EXERCISE PROMPT - Exactly as written, copy every line from the one containing "High resolution picture, free" through the end of the records, with the pictures left out.

SOURCE INFORMATION -
+ + + +
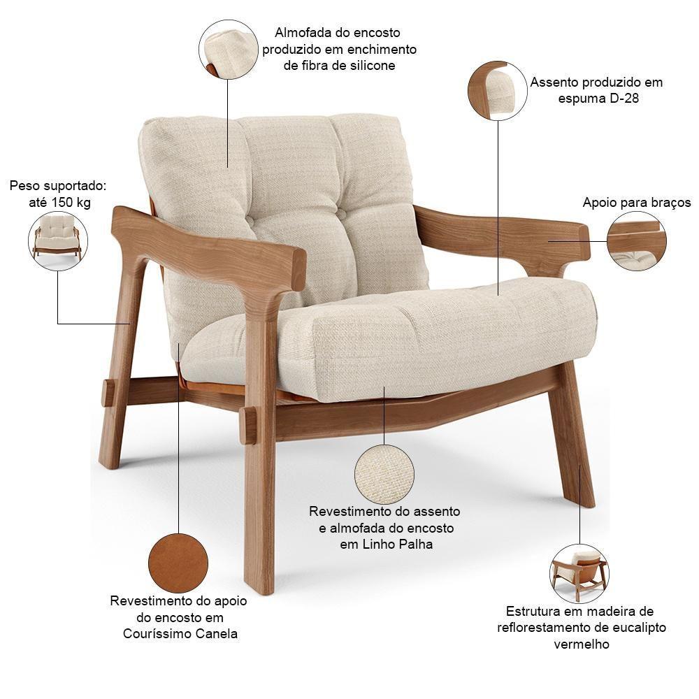 Kit 04 Poltronas Decorativa Fixa Para Sala Living Ikary L02 Canela Linho Palha - Lyam DecorO Kit 04 Poltronas Ikary é a escolha ideal para quem busca unir sofisticação e funcionalidade. Com seu design contemporâneo, ela transforma qualquer ambiente, seja na sala de estar, no quarto ou no escritório. Revestida com materiais de alta qualidade e sua estrutura de madeira de eucalipto vermelho, garante o conforto e estilo, além de proporcionar resistência e sustentabilidade. Leve elegância e praticidade para sua casa com a Poltrona Ikary. Um móvel que une design contemporâneo e durabilidade para transformar o seu ambiente!Dimensões do produto (A x L x P) 74 x 92 x 64 cmMedidas Internas: Altura do chão ao assento: 41 cm Altura do chão ao braço: 59cm- Por se tratar de estofado as medidas podem ter uma pequena variação de até 3 cm. - A tonalidade do produto real poderá ter ligeira variação devido o lote de tecidos. - A limpeza deve ser feita com pano levemente umedecido em água limpa, sem esfregar, não utilizar produtos abrasivos, desengordurantes, álcool ou solvente.Características: Estrutura em madeira de reflorestamento de eucalipto vermelho, proporcionando resistência e sustentabilidade. Possui apoio para os braços. Almofada do encosto produzida com enchimento de fibra de silicone, garantindo maciez. Assento confeccionado com espuma D-28. Revestimento do assento e da almofada do encosto em Linho na cor Palha. Apoio do encosto em Couríssimo na cor Canela, adicionando um detalhe elegante. Suporta até 150 kg.Observações importantes: - Produto para uso residencial em ambiente interno, não devendo ficar exposto diretamente ao sol, calor e umidade excessivos. - Pode haver alguma diferença de tonalidade entre a imagem e o produto real, por conta do tratamento de imagens e a calibração de cores do seu monitor. - As imagens são meramente ilustrativas, não acompanham objetos de decoração e eletrônicos. - Ao receber a mercadoria, o cliente deve verificar as condições da embalagem, caso haja alguma avaria não assine o comprovante de recebimento. - Montagem, desmontagem e outras instalações serão de responsabilidade do cliente. Não nos responsabilizamos, no ato da entrega, por subir escadas/elevadores ou pelo transporte por guincho em apartamentos. Eventuais despesas são de responsabilidade do comprador. - Confira as dimensões do produto e certifique-se de que passará normalmente por supostos elevadores, portas, escadas e/ou corredores de sua residência. ProductWeight: 75 kg | Color: Palha | ColorFamily: Palha | ColorSimple: Palha | ColorSupplier: Canela e Palha | Material: Estrutura em Madeira, Espuma, Revestimento Couríssimo e Linho | MaterialFamily: Madeira, Espuma | Model: Ikary | OriginCountry: Nacional | OriginState: PR | ProductContents: 04 Poltronas | SizeDescription: Altura: 150 cm x Largura: 85 cm x Profundidade: 150 cm | SupplierSimpleName: Kit 04 Poltronas Decorativa Fixa Para Sala Living Ikary L02 Canela Linho Palha - Lyam Decor | ProductLength: 150 cm | ProductWidth: 85 cm | ProductWarranty: 90 dias após o recebimento do produto | ProductHeight: 150 cm | ProductInstructions: Produto para uso em ambiente interno, nao devendo ficar exposto ao sol, calor e umidade excessivos.
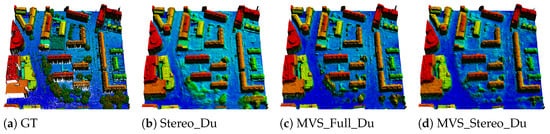 A 3D visualization of the DSMs is displayed in Figure 12. Rooftops are smoother and include less outliers in the Stereo_Du result. Besides, the vegetation is better represented as most of their surface is above ground level comparing with both MVS results. On the other hand, MVS_Stereo_Du and especially MVS_Full_Du compute a better estimation for pixels on the ground level, but they reduce significantly the expected surface for vegetation.
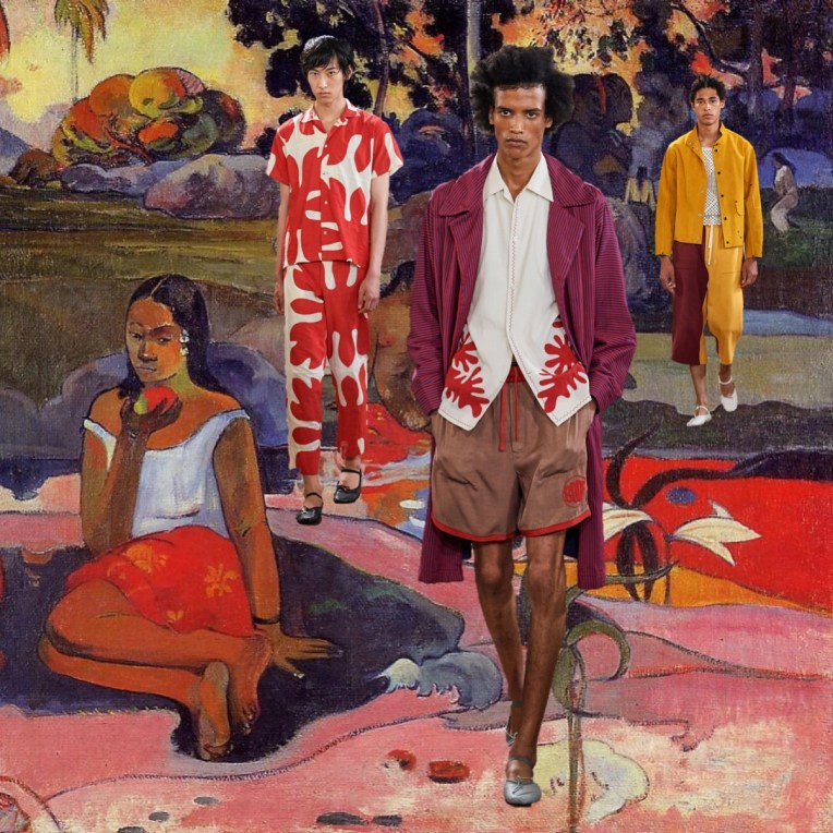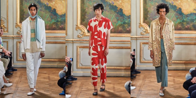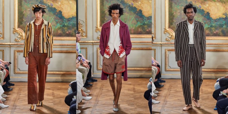 It’s Virgil Abloh‘s third season at men’s Louis Vuitton, and probably his best. For the spring-summer 2020 show, the brand held it in the real-life, cobbled streets and cafes of the Place Dauphine. The audience sat under trees on Louis Vuitton park benches or sipped a glass of champagne at outdoor tables. The view? A collection of easy, big shapes, flowing pants, real flowers stuck into harnesses and some really good outerwear. People like Dev Hynes of Blood Orange were part of the show’s casting, which made it even more intriguing. Of course, there were some similiarities to Craig Green’s garments in these wearable, geometric constructions that closed the show, but the collection’s main focus was on couture-level craftsmanship. Flower embroideries climbed up tulle coats, and a couple of immensely luxe iterations of hoodies, made from minutely pleated chiffon. “I’m learning, and taking much more of a couture approach”, he told the press after the show. It was a collection oozing with pure positivity, from the delicious pastel colour palette to the flower power elements.
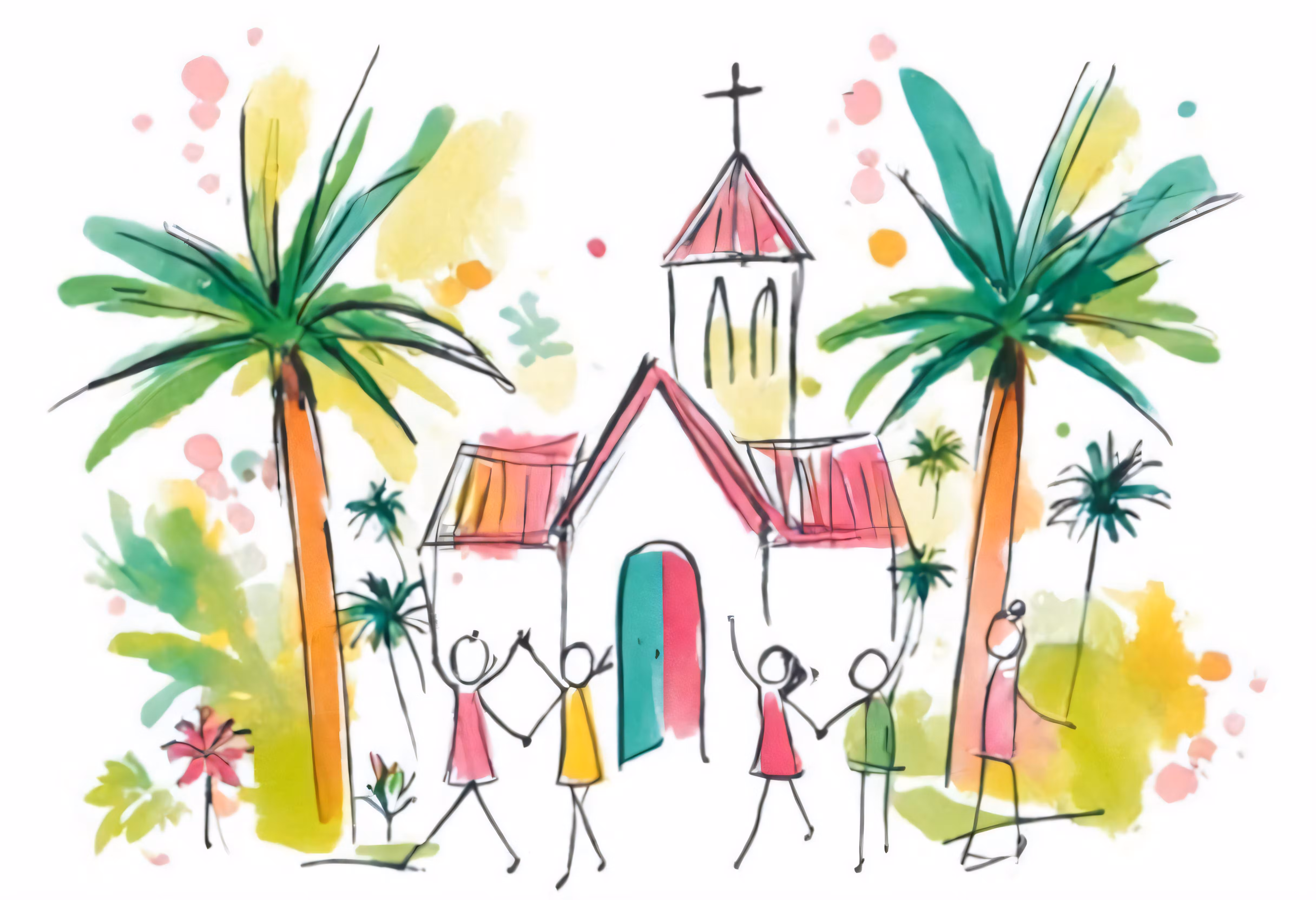 High resolution picture, free to use, the illustration shows a painting of people in different colors outside
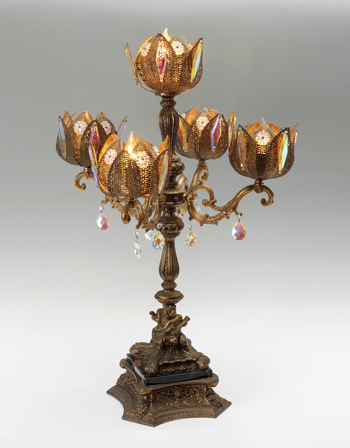 UNIQUE MID CENTURY PIERCED METAL AND CHERUB LAMP: Gold decorated cast metal and marble base with figural cherub musicians. 4 arm and center light with pierced metal floriform shades, applied iridescent crystals and prism drops, 37'' h. x 24''.
+ + + +
COMPLETED TASK -
 High resolution picture, free to use, the illustration shows a painting of people in different colors outside
 UNIQUE MID CENTURY PIERCED METAL AND CHERUB LAMP: Gold decorated cast metal and marble base with figural cherub musicians. 4 arm and center light with pierced metal floriform shades, applied iridescent crystals and prism drops, 37'' h. x 24''.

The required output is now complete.